** Opening Data under study block **

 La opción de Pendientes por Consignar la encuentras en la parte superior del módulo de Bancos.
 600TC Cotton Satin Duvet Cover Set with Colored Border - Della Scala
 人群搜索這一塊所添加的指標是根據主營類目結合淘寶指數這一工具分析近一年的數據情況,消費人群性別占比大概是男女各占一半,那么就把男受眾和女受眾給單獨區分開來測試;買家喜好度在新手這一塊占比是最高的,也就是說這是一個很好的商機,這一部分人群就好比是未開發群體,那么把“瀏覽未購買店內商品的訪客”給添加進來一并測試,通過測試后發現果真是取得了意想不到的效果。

** Closing Data under study block **
** Opening Data under study block **

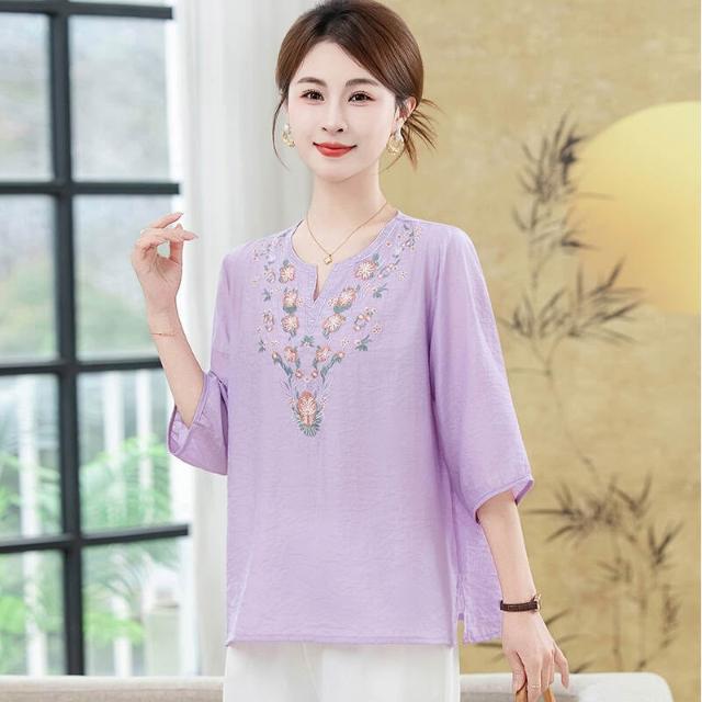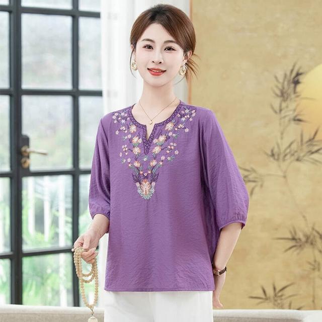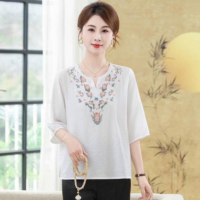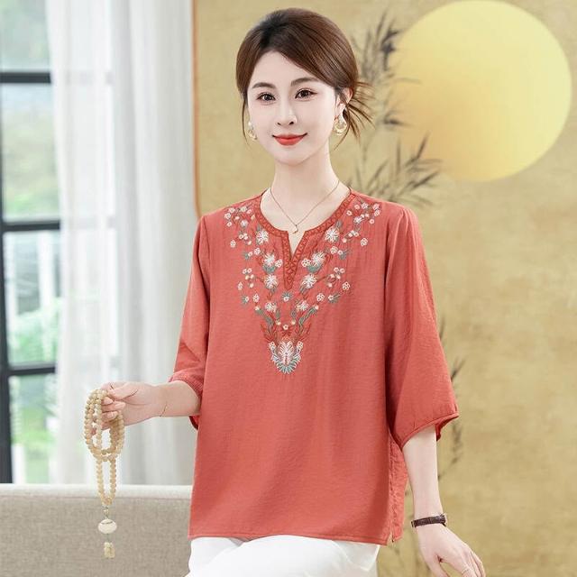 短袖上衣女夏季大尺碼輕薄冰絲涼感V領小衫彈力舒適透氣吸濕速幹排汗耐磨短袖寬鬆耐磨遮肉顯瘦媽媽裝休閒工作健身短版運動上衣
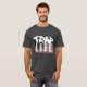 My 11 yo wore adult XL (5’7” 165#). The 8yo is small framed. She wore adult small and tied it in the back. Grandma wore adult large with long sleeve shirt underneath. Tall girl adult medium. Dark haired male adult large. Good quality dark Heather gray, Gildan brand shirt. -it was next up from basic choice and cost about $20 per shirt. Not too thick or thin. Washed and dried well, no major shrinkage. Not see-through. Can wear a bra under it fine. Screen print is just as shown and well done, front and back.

** Closing Data under study block **
** Opening Data under study block **

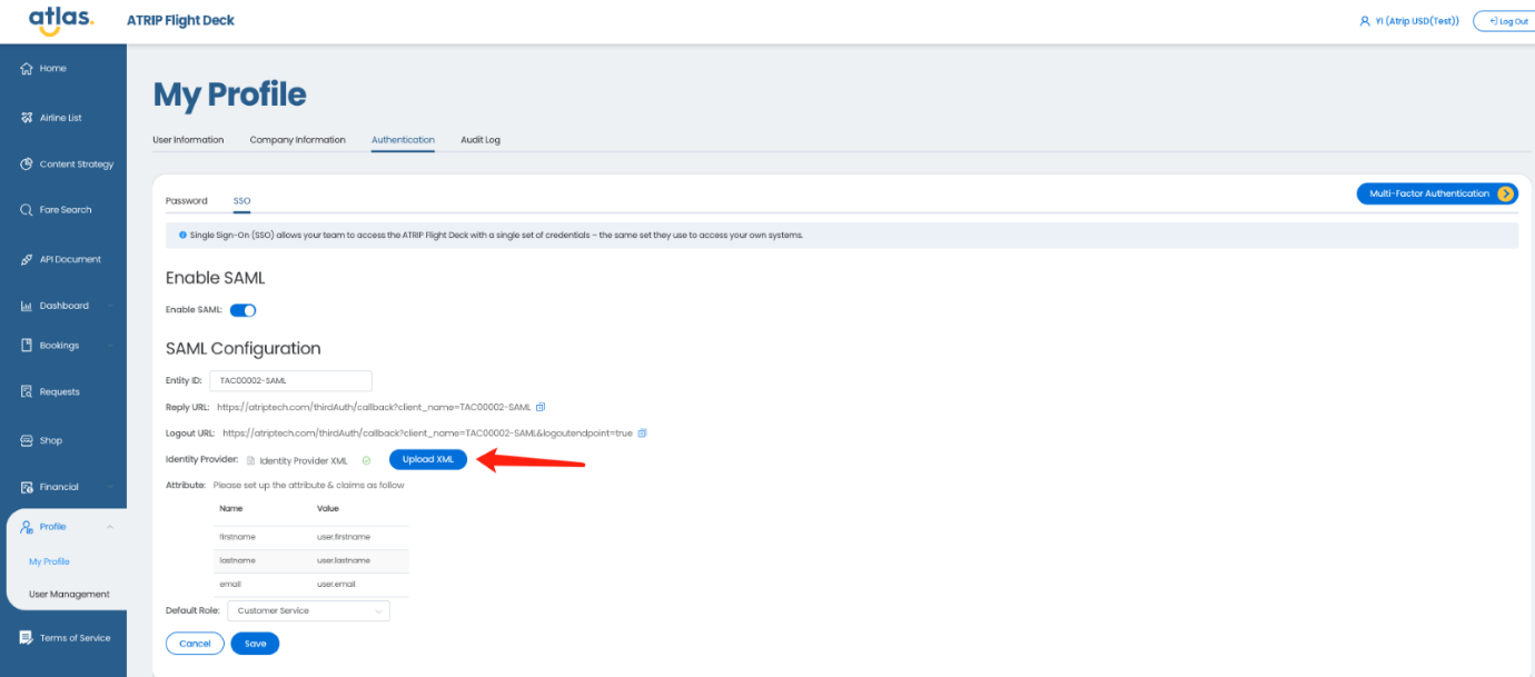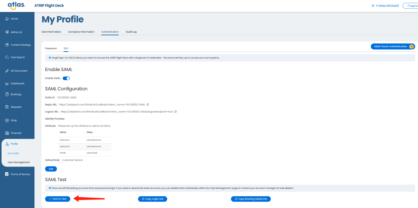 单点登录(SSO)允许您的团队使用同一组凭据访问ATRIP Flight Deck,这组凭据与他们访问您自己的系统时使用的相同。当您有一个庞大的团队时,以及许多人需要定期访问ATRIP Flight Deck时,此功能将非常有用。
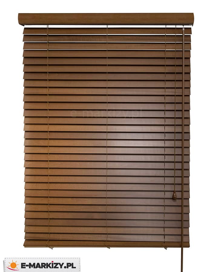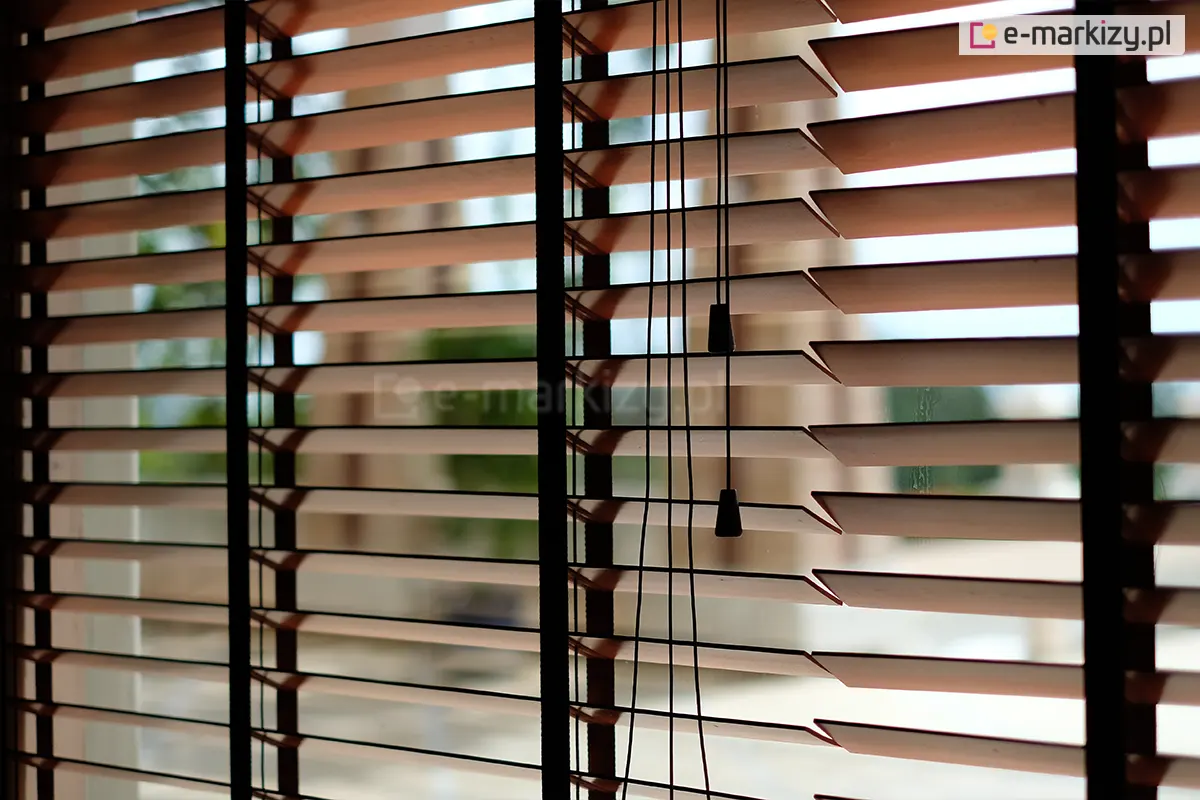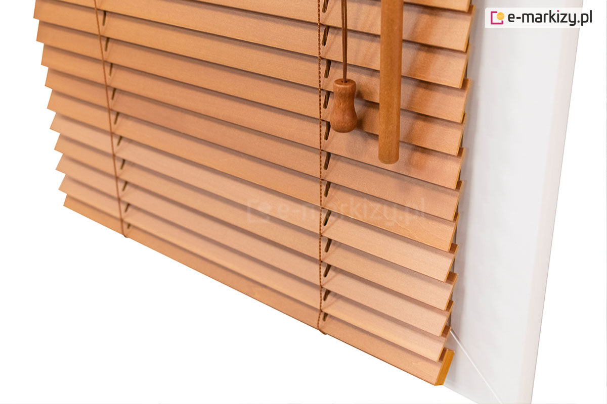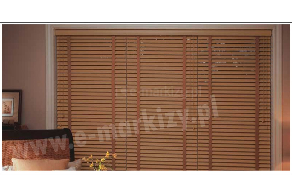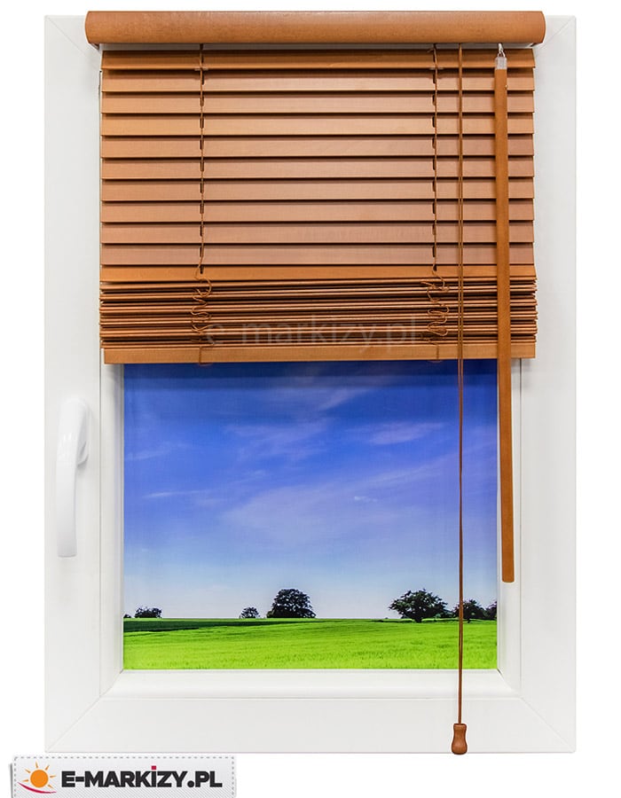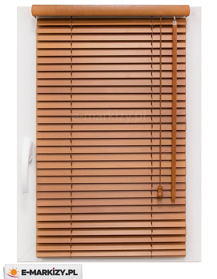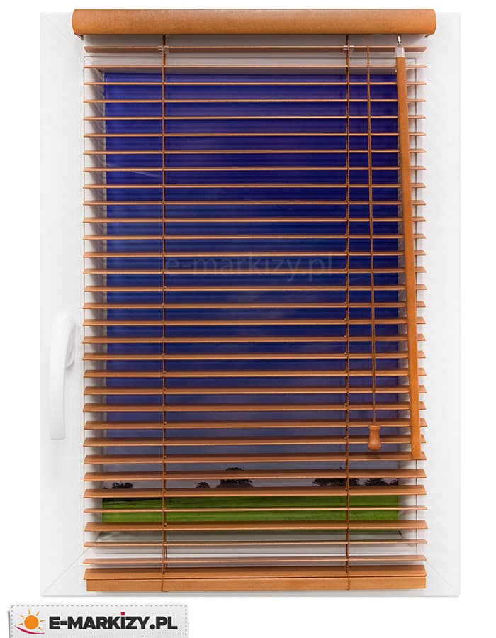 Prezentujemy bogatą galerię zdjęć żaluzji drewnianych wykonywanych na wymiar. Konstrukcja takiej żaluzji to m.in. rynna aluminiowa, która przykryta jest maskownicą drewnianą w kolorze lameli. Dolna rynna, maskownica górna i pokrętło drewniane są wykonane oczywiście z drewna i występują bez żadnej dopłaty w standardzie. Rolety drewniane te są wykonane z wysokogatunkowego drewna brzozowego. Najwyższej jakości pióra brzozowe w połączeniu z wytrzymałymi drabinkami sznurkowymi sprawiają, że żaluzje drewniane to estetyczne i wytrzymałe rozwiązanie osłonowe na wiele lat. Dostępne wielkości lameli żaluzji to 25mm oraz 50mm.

** Closing Data under study block **

■ Task objective: Repeat exactly, and only, the entries from the line with "短袖上衣女夏季大尺碼輕薄冰絲" through the line with "My 11 yo wore". Pictures are skipped.

■ Answer to the problem:
 短袖上衣女夏季大尺碼輕薄冰絲涼感V領小衫彈力舒適透氣吸濕速幹排汗耐磨短袖寬鬆耐磨遮肉顯瘦媽媽裝休閒工作健身短版運動上衣
 My 11 yo wore adult XL (5’7” 165#). The 8yo is small framed. She wore adult small and tied it in the back. Grandma wore adult large with long sleeve shirt underneath. Tall girl adult medium. Dark haired male adult large. Good quality dark Heather gray, Gildan brand shirt. -it was next up from basic choice and cost about $20 per shirt. Not too thick or thin. Washed and dried well, no major shrinkage. Not see-through. Can wear a bra under it fine. Screen print is just as shown and well done, front and back.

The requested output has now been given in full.